EXTRACTED DATA:

* * * * * * * * *

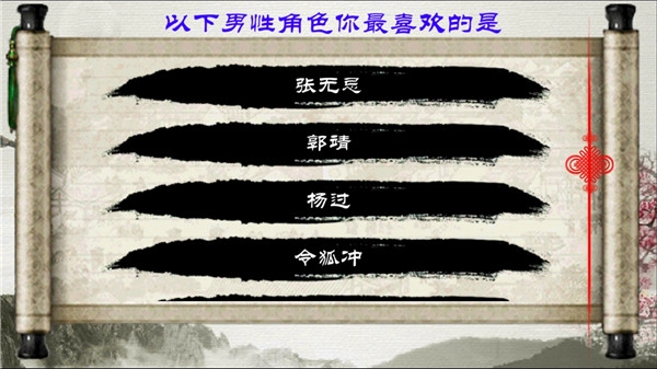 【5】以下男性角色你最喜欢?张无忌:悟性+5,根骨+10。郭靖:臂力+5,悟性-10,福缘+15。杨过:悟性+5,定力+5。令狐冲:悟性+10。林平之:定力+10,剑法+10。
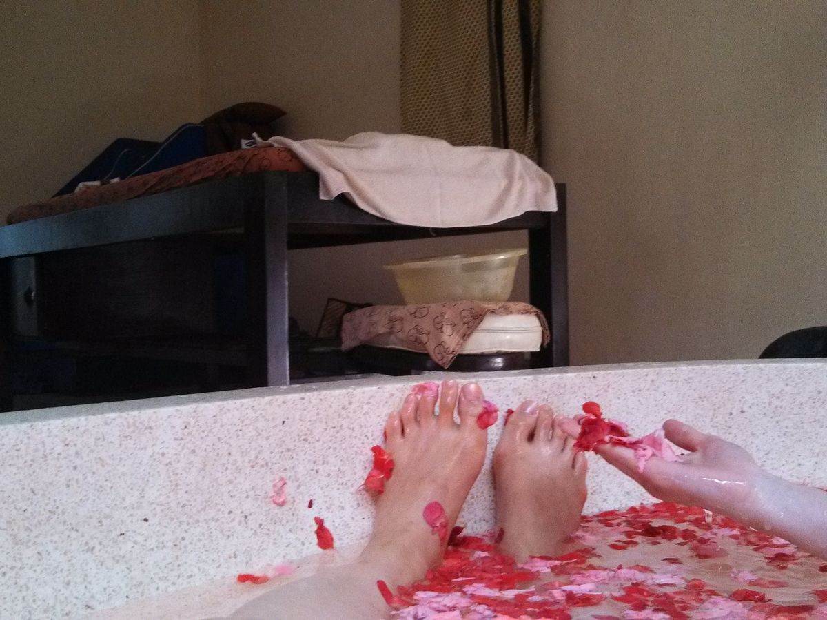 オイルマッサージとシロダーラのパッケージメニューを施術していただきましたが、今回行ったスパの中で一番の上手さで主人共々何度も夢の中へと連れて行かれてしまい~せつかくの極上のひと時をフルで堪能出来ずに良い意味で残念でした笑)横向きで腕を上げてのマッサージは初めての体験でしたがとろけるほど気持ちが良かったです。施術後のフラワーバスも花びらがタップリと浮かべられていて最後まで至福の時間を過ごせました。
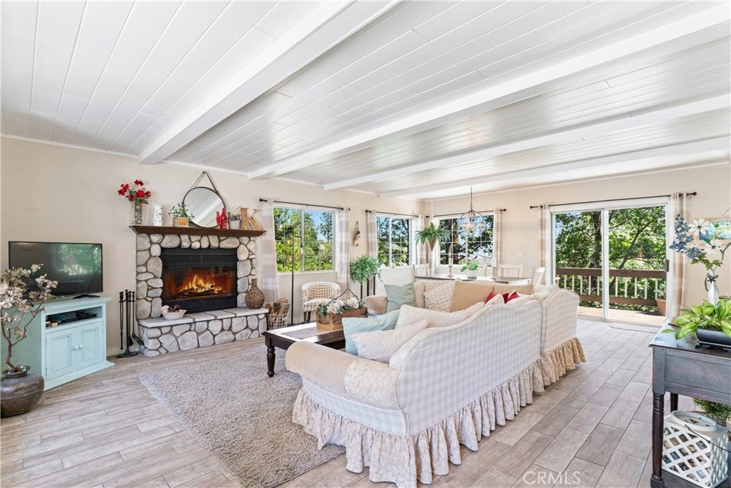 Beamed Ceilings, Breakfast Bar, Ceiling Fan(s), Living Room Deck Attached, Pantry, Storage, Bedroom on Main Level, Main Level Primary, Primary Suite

* * * * * * * * *

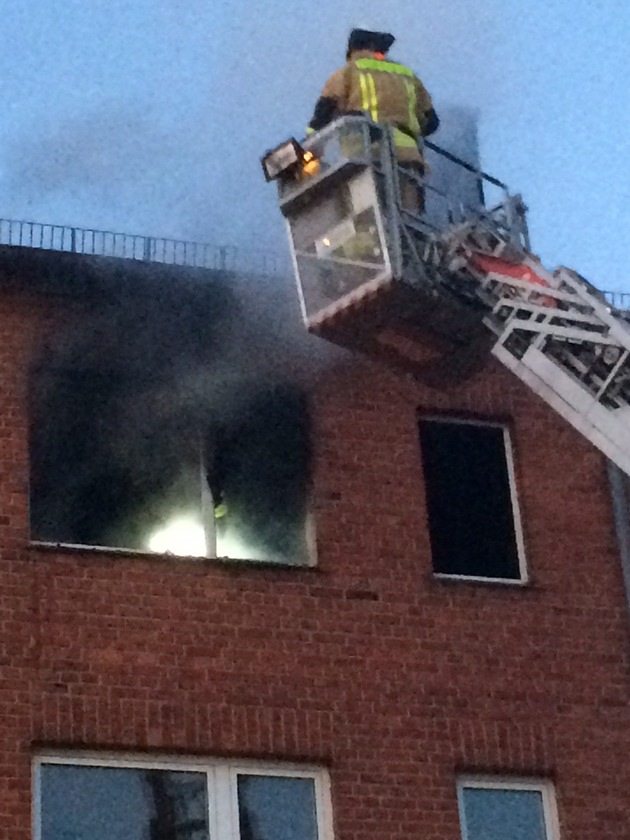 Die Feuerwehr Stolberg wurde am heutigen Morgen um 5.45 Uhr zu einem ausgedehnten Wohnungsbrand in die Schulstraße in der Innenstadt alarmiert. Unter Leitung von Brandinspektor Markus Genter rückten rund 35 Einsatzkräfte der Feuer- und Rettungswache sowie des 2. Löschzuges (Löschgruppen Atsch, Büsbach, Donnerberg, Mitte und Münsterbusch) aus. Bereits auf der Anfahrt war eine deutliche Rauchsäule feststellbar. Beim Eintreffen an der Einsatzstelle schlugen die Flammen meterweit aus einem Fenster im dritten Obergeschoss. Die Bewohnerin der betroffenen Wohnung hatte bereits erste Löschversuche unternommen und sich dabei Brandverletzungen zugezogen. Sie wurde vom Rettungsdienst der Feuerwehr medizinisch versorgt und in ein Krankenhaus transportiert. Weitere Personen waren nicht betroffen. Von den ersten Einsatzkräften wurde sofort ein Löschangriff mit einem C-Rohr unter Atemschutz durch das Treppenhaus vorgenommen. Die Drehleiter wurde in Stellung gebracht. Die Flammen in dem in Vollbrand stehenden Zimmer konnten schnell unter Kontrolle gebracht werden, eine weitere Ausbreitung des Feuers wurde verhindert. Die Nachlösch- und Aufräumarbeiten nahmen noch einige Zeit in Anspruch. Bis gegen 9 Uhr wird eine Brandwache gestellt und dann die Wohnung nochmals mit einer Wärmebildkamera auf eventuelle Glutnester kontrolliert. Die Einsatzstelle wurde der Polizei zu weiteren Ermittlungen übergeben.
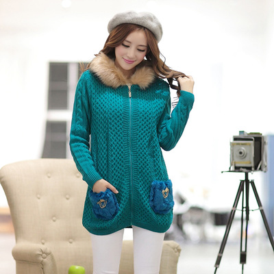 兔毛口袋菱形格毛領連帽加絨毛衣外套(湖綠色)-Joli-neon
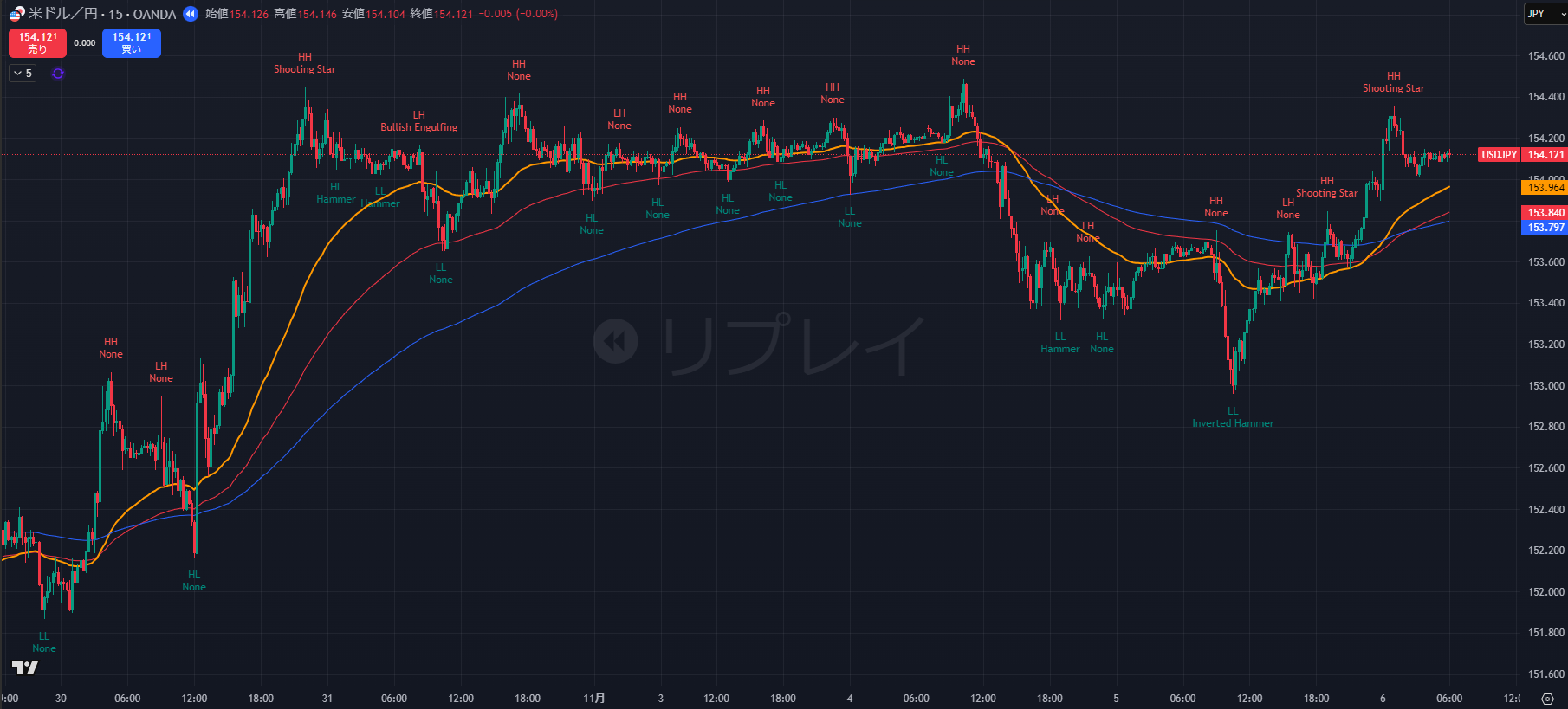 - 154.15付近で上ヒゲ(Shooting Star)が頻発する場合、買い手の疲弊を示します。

* * * * * * * * *

WHAT THE TASK ASKS: Everything from the line with "兔毛口袋菱形格毛領連帽加絨毛衣外套(湖綠色)-Joli-neon" down to the line with "- 154.15付近で上ヒゲ(Shooting Star)が頻発する場合、買い手の疲弊を示します。" in the data above should be copied exactly, with both end lines kept and the pictures left out.

SOLVED EXERCISE:
 兔毛口袋菱形格毛領連帽加絨毛衣外套(湖綠色)-Joli-neon
 - 154.15付近で上ヒゲ(Shooting Star)が頻発する場合、買い手の疲弊を示します。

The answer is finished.